The Associated Press runs a type of story that we often see reported from Poland — but this time it’s taking place in the Czech Republic.
That is, a project to recover headstones that had been uprooted from a Jewish cemetery destroyed by the Nazis and used for construction work.
The cemetery is question is the destroyed old Jewish cemetery in the town of Prostejov, in central Moravia, which was in use from 1801 until 1908. (There was an even older cemetery, which functioned until this cemetery was founded but was totally demolished in the 19th century.)
Before the Nazis took over, the Jewish community rejected proposals from City Hall to sell the site. After the transport to the Terezin concentration camp of nearly all the town’s 1,442 local Jews, as well as 250 others who came as refugees, the graveyard was doomed to destruction, said Marie Dokoupilova, a historian in the local museum. Only some 200 of those sent to Nazi camps survived the Holocaust, and most of them left the country to live in Israel and elsewhere. Today, there are less than a dozen Jews living in Prostejov.
Dokoupilova, who wrote the only Czech study about the site, said all 1,924 tombstones were desecrated, likely in 1943, and no documents are available to clarify their fate. The search for a site that disappeared such a long time ago in the wartime chaos looked like mission impossible at the beginning, said Tomas Jelinek, who is leading the cemetery effort.
After World War II, the site was used as a sports grounds and the site of an amusement park.
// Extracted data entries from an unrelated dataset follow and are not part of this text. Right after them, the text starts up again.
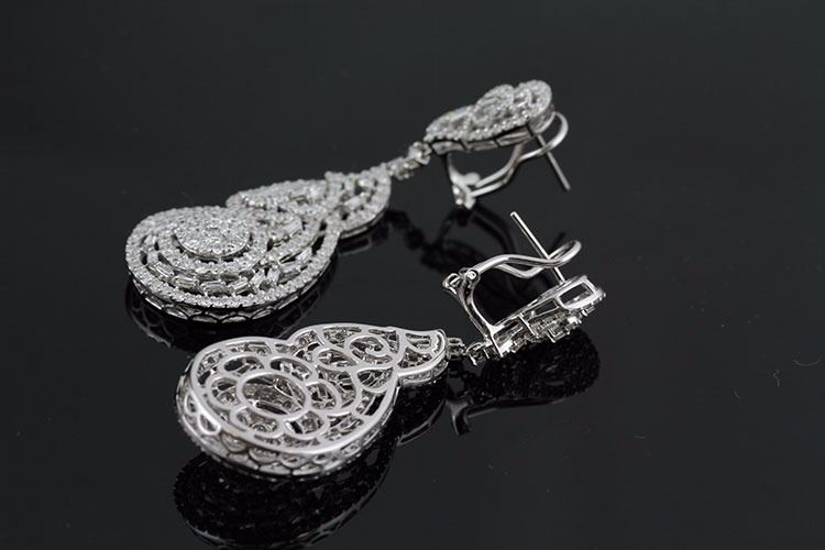 4.60 ctw Diamond Earring Baguette & Round Diamond Color&Clarity (F, SI2-I1) 18K White Gold Dim. Height 55mm x 20mm push box clasp
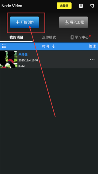 1、在NodeVideo的主页面找到并点击【+开始创作】按钮,即可进入视频编辑的项目界面,开启全新的创作之旅。
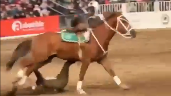 En un registro compartido en redes sociales se puede apreciar la gravedad de la herida. El carabinero fue arrastrado por el caballo que galopaba a gran velocidad por la arena del recinto.
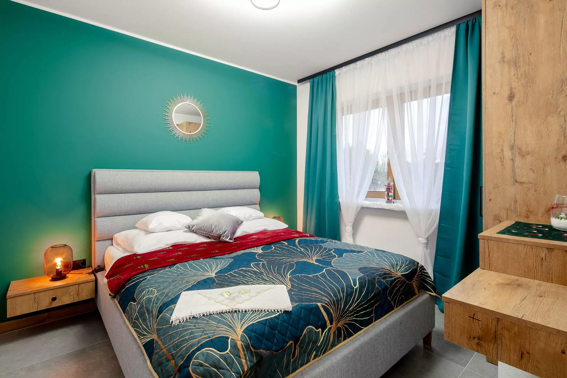 Sypialnia 1 - łóżko małżeńskie, szafa, wyjście do prywatnego ogródka
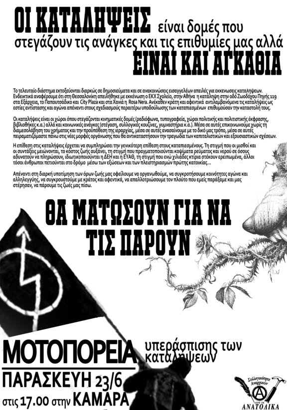 αλληλεγγύη στις καταλήψεις στη Ρόζα Νέρα, στο Παπουτσάδικο, στον Ε.Κ.Χ Σχολείο, στις καταλήψεις στέγης μεταναστριών, σε όσες δεν υπάρχουν πια σαν κτίρια και σε όσες θα εμφανιστούν στο μέλλον

Today it is a public park — a small commemorative monument marks the area as a historic Jewish cemetery.
After putting an announcement in the local press, AP reports, Jelinek, a former chairman of the Prague Jewish community, and his team received many tips of where to find stones. Since the project kicked off in July, they have recovered about 150 headstones and fragments of smashed stones. One of the finds was an entire backyard paved with about 50 tombstones.
The recovery project was spearheaded by the Brooklyn-based Hasidic businessman and philanthropist Louis Kestenbaum, Chairman of the Fortis Property Group, who has long been associated with Jewish cemetery preservation — his late father, Rabbi Zvi Kestenbaum, a Holocaust survivor, was the driving force behind the foundation of the U.S. Commission for the Preservation of American’s Heritage Abroad. Rabbi Kestenbaum died, aged 92, in 2013.
Read the full AP story, with pictures

Photo: Pernak1 (Licensed under CC BY-SA 4.0 via Wikimedia Commons)
Prostejov has a New Jewish Cemetery, founded in 1908 as part of the municipal cemetery after the closure of the Old Jewish Cemetery. It includes about 500 headstones and is listed as a cultural monument. According to the Prague Jewish community’s heritage site, it includes some stones transferred from the destroyed old cemetery.
The cemetery has an Art Nouveau ceremonial hall and a monument commemoration both Holocaust victims and Jewish soldiers who died in World War One. It recently underwent clean-up and restoration work.